Оставшиеся борозды в вязком море, где обнажился коричневый пол, говорили об упорности борьбы — кровь хлестала из великана, давая новую пищу морю, густея и высыхая настолько, что уже не могла прокатиться низенькими тяжелыми волнами над лежащей под уровнем воды сушей. В этом же месте, вне пределов моря, чернели неровные, нервные полосы похожие на мазки кисти с высохшей краской по плохо загрунтованному холсту, причем с дрожью и мурашками на коже пред-авлялись ясно и отчетливо ее шелест, скрип, натужный бег беличьих волосков по грубо выделанной хлопковой ткани.

Всматриваясь в эти следы, призвав на помощь толику воображения, можно было углядeть в них намек, похожесть на отпечатки скрюченных окровавленных рук, на которых то ли по какой-то непонятной случайности, то ли это было в действительности так, насчитывалось невообразимое количество пальцев — длинных и коротких, раздваивающихся, утраивающихся, прорастающих, словно плети картошки в теплом, влажном подвале.
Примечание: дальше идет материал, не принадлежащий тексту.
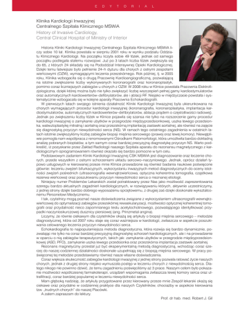 E D Y T O R I A L Klinika Kardiologii Inwazyjnej Centralnego Szpitala Klinicznego MSWiA History of Invasive Cardiology, Central Clinical Hospital of Ministry of Interior Historia Kliniki Kardiologii Inwazyjnej Centralnego Szpitala Klinicznego MSWiA liczy sobie 10 lat. Klinika powstała w sierpniu 2001 roku w wyniku podziału Oddziału Klinicznego Kardiologii. Na początku liczyła sobie 49 łóżek, jednak od samego początku podlegała stałemu rozwojowi. Już po 3 latach liczba łóżek zwiększyła się do 65, z których 24 składały się na Pododdział Intensywnej Opieki Kardiologicznej. Dzięki temu łatwiejsze było pełnienie 24–h dyżuru dla chorych z ostrymi zespołami wieńcowymi (OZW), wymagającymi leczenia przezskórnego. Rok później, tj. w 2005 roku, Klinika wzbogaciła się o drugą Pracownię Kardioangiograficzną, pozwalającą na istotne zwiększenie liczby wykonywanych koronarografii oraz koronaroplastyk, pomimo coraz liczniejszych zabiegów u chorych z OZW. W 2008 roku w Klinice powstała Pracownia Elektrofizjologiczna, dzięki której można było nie tylko zwiększyć liczbę wszczepień pełnej gamy kardiostymulatorów oraz automatycznych kardiowerterów–defibrylatorów, ale i ablacji RF. Niejako w międzyczasie powstała i systematycznie wzbogacała się w kolejne aparaty Pracownia Echokardiografii. W pierwszych latach swojego istnienia działalność Kliniki Kardiologii Inwazyjnej była ukierunkowana na chorych wymagających procedur kardiologii inwazyjnej (koronarografia, koronaroplastyka, implantacja kardiostymulatorów, automatycznych kardiowerterów–defibrylatorów, ablacja prądem o częstotliwości radiowej). Jednak po zwiększeniu liczby łóżek w Klinice pojawiła się szansa nie tylko na rozszerzenie gamy procedur kardiologii inwazyjnej o zamykanie ubytków w przegrodzie międzyprzedsionkowej, uszka lewego przedsionka, walwuloplastykę mitralną i aortalną oraz przezskórną implantację zastawki aortalnej, ale również na zajęcie się diagnostyką przyczyn niewydolności serca (NS). W ramach tego ostatniego zagadnienia w ostatnich latach istotnie zwiększyliśmy liczbę zabiegów biopsji mięśnia sercowego (prawej oraz lewej komory). Niewątpliwie pomogła nam współpraca z renomowanymi Ośrodkami Patomorfologii, która umożliwiła bardzo dokładną analizę pobranych bioptatów, a tym samym coraz bardziej precyzyjną diagnostykę przyczyn NS. Warto podkreślić, iż pozyskanie przez Zakład Radiologii naszego Szpitala aparatu do rezonansu magnetycznego z kardiologicznym oprogramowaniem również okazało się bardzo pomocne w tym celu. Podstawowym zadaniem Kliniki Kardiologii Inwazyjnej CSK MSWiA jest diagnozowanie oraz leczenie chorych, przede wszystkim z ostrymi schorzeniami układu sercowo–naczyniowego. Jednak, oprócz działań typowo usługowych w kierowanej przeze mnie Klinice prowadzone są również badania naukowe poświęcone głównie: leczeniu zwężeń bifurkacyjnych, wykorzystaniu inwazyjnych metod diagnostycznych do oceny istotności zwężeń pośrednich (ultrasonografia wewnątrzwieńcowa, optyczna koherentna tomografia, cząstkowa rezerwa wieńcowa) oraz poszukiwaniu przyczyn niewydolności serca o nieznanej etiologii. Niniejszy numer Problemów Lekarskich został potraktowany przez Nas jako możliwość zaprezentowania szeregu bardzo aktualnych zagadnień kardiologicznych, w rozwiązywaniu których, aktywnie uczestniczymy, z jednej strony dzięki bardzo dobrego wyposażeniu sprzętowemu, z drugiej zaś dzięki doskonale wykształconemu Personelowi Medycznemu. I tak, czytelnicy mogą poznać nasze doświadczenia związane z wykorzystaniem ultrasonografii wewnątrzwieńcowej do optymalizacji zabiegów przezskórnej rewaskularyzacji, możliwości optycznej koherentnej tomografii oraz przydatność nieco zapomnianego testu acetylocholinowego, pozwalającego identyfikować przypadki naczynioskurczowej dusznicy piersiowej (ang. Prinzmetal angina). Liczymy, że równie ciekawym dla czytelników okażą się artykuły o biopsji mięśnia sercowego – metodzie diagnostycznej, która od 2007 roku staje się coraz ważniejsza w kardiologii, zwłaszcza w aspekcie poszukiwania celowanego leczenia przyczyn niewydolności serca. Echokardiografia to najpopularniejsza metoda diagnostyczna, która rozwija się bardzo dynamicznie, pozwalając nie tylko na coraz bardziej precyzyjną diagnostykę schorzeń kardiologicznych, ale i na prowadzenie w oparciu o nią zabiegów terapeutycznych, takich jak: zamykanie ubytków w przegrodzie międzyprzedsionkowej (ASD, PFO), zamykanie uszka lewego przedsionka oraz przezskórna implantacja zastawki aortalnej. Rezonans magnetyczny przestał już być eksperymentalną metodą diagnostyczną, wchodząc coraz szerzej do naszej codziennej działalności doskonale uzupełniają się z biopsją mięśnia sercowego. W pracy poświęconej tej metodzie przedstawiamy również nasze własne doświadczenia. Coraz większa skuteczność zabiegów kardiologii inwazyjnej z jednej strony pozwala ratować życie naszych chorych, jednak z drugiej strony niejako wymuszała postęp w leczeniu chorych z niewydolnością serca. Dlatego nikogo nie powinno dziwić, że temu zagadnieniu poświęciliśmy aż 3 prace. Naszym celem było pokazanie możliwości współczesnej farmakoterapii, urządzeń wspomagania zwłaszcza lewej komory serca oraz ultrafiltracji, coraz bardziej popularnej w leczeniu niewydolności serca. Mam głęboką nadzieję, że artykuły przygotowane przez kierowany przeze mnie Zespół lekarski okażą się ciekawe oraz przydatne w codziennej praktyce dla naszych Czytelników, chociażby w aspekcie kierowania tzw. „trudnych chorych” do naszej Placówki. A zatem zapraszam do lektury. Prof. dr hab. med. Robert J. Gil P R A C E O R Y G I N A L N E Ocena porównawcza wyników implantacji w tętnicach nasierdziowych stentu uwalniającego lek oraz klasycznego stentu metalowego optymalizowanego ultrason

О, это была не единственная странность берегового рельефа. Кроме рук, там имелись большие треугольные пятна, достаточно далеко от кровавого моря, симметрично от следов рук агонизирующего великана, с черными тонкими прожилками и более красным фоном. Если бы я верил в ангелов, то решил бы, что это следы его крыльев, но которые, в отличие от канона, были вовсе не перьевыми, делающими небесных созданий сильно смахивающими на раскормленных и ощипанных голубей, а кожистыми и перепончатыми, что, впрочем, также не улучшало впечатления — миролюбивые голуби превращались или в допотопных птеродактилей, или в летучих мышей-вампиров, в зависимости от ваших пристрастий и антипатий. Наверное, опытному следопыту все эти мазки, шероховатости, неровности могли сказать гораздо больше, но не мне коренному туземцу урбанистических джунглей.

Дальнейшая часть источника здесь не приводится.